In the news business, there’s often a drive to be first. The first to report a story, the first to call an important source, the first to break big news. But sometimes, that desire to be first can come at the expense of accuracy, and so every journalism professor instills in their students that it’s better to be last and accurate than first and wrong.
Certainly, that’s a good mantra. In the case of The Daily Evening Item in 1993, the reporter was not wrong — just early.
Item reporter Tom Dalton’s headline declares “Marblehead woman may be top cop” and, in a sub-headline, “O’Toole considered for Boston opening.” The O’Toole he’s referencing is Kathleen M. O’Toole, a 1972 graduate of Marblehead High School and a lieutenant colonel in the Massachusetts State Police.
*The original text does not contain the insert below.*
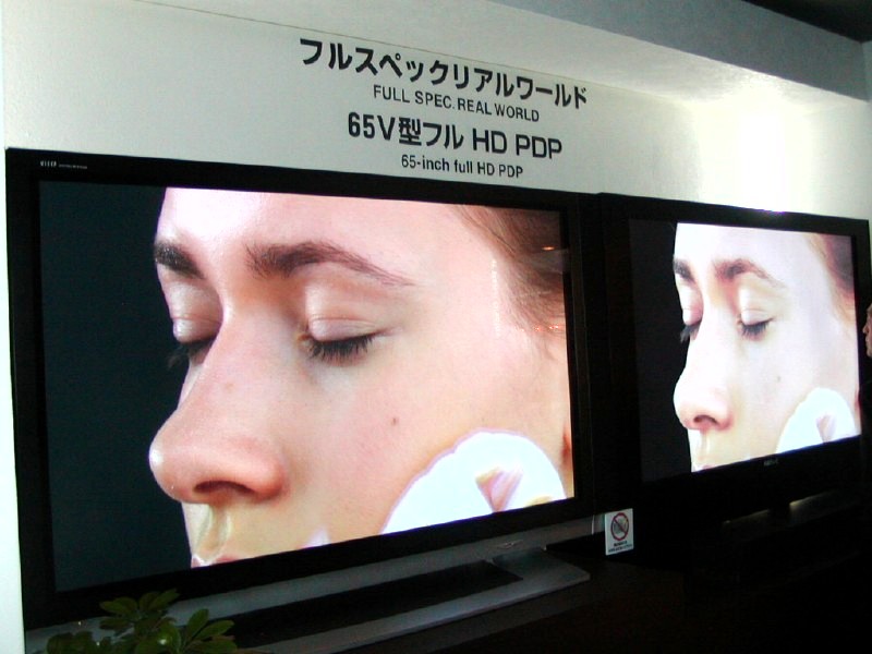 HOME > ニュース > AV&ホームシアターニュース [CEATEC2005:次世代PDP開発センター] フルHDパネルがズラリ/消費電力を半分以下にする新技術 2005年10月04日 前の写真へ 次の写真へ 65V型のパネルは液晶との比較展示を行っていた 前の写真へ 次の写真へ この写真の記事へ 関連リンク 会場からの速報レポ-ト一覧 Phile-web CEATEC JAPAN 2005 特設ペ-ジ CEATEC JAPAN 2005 オフィシャルサイト
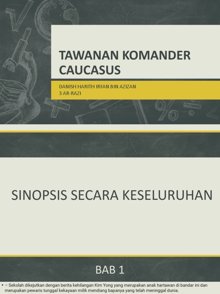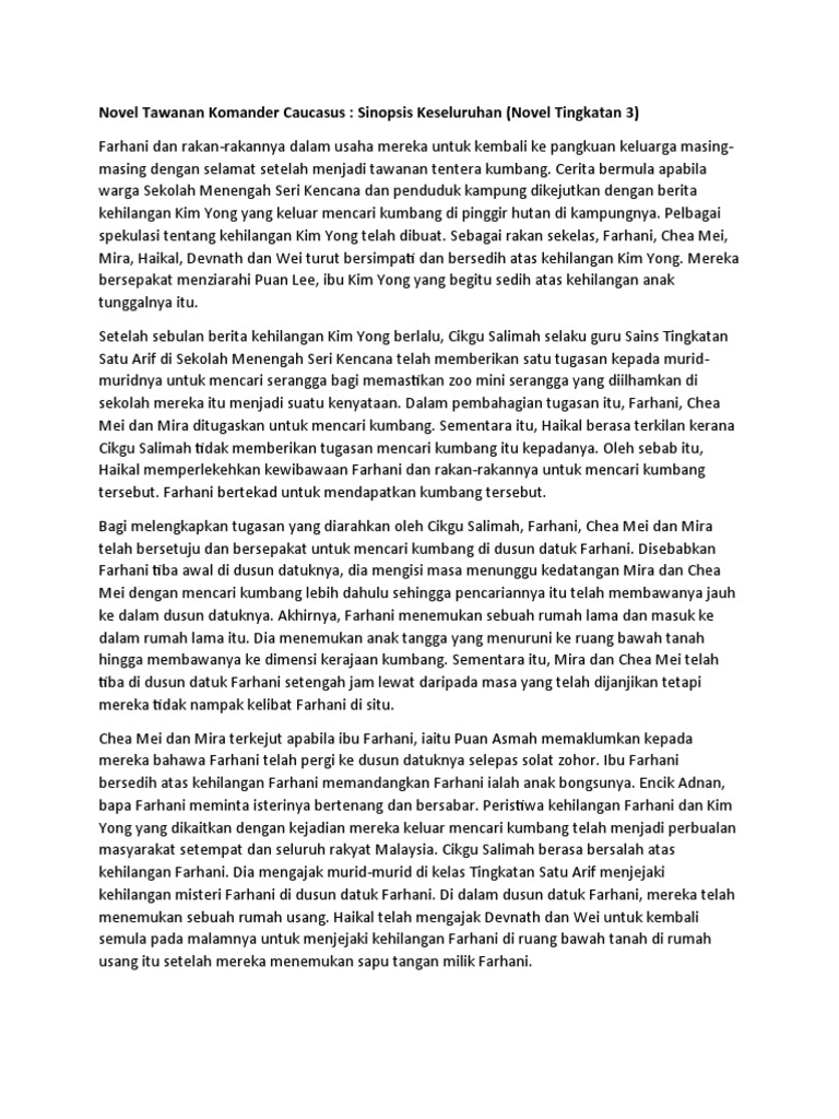 Tawanan Komander Caucasus Sinopsis : February 16, 2017 at 3:55 am ·.. Bab 1:hilang warga sekolah menengah seri kencana dikejutkan dengan berita kehilangan seorang anak hartawan dan pewaris tunggal kekayaan milik mendiang bapanya iaitu kim yong.walaupun kim yong seorang yang bersikap angkuh,farhani tetap. Watak & perwatakan, plot dan nilai pengajaran. Ini ialah video pengenalan bagi modul yang bertajuk komsas: Sinopsis bab tawanan komander caucasus 2 pages 1 13 text version anyflip. Tawanan komander caucasus karya ruzaini yahya sinopsis ialah ringkasan jalan cerita keseluruhan.novel ini mengisahkan sekumpulan remaj yang berani menempuhi.

The top cop job in question is that of Boston Police commissioner — according to Dalton, O’Toole was in the running to replace Police Commissioner William Bratton in the state’s largest city.
O’Toole, who at the time ran special operations for the State Police, declined interviews, but yet her name kept popping up.
“She just thinks it’s too premature now even to get into the mix,” State Police spokesman Larry Gillis is quoted as saying. “She is not an announced or unannounced candidate.”
While O’Toole didn’t take the job in 1993 — she did a decade letter.
According to her LinkedIn page, O’Toole remained at the State Police until 1999, including a stint as the secretary of public safety from 1994 to 1998. Then, in February 2004, she took the Boston job she had been rumored for a decade earlier, serving until May 2006. She later served as a chief inspector in Dublin, Ireland and chief of police in Seattle, Wash. Now, O’Toole is a partner at 21st Century Policing Solutions, LLC, and the president of O’Toole Associates LLC, a post she has held since August 2000.
So, Dalton’s story was correct — he was not just a few minutes or days early, but a full decade. Maybe a future edition of this column will analyze his ability to apparently see the future.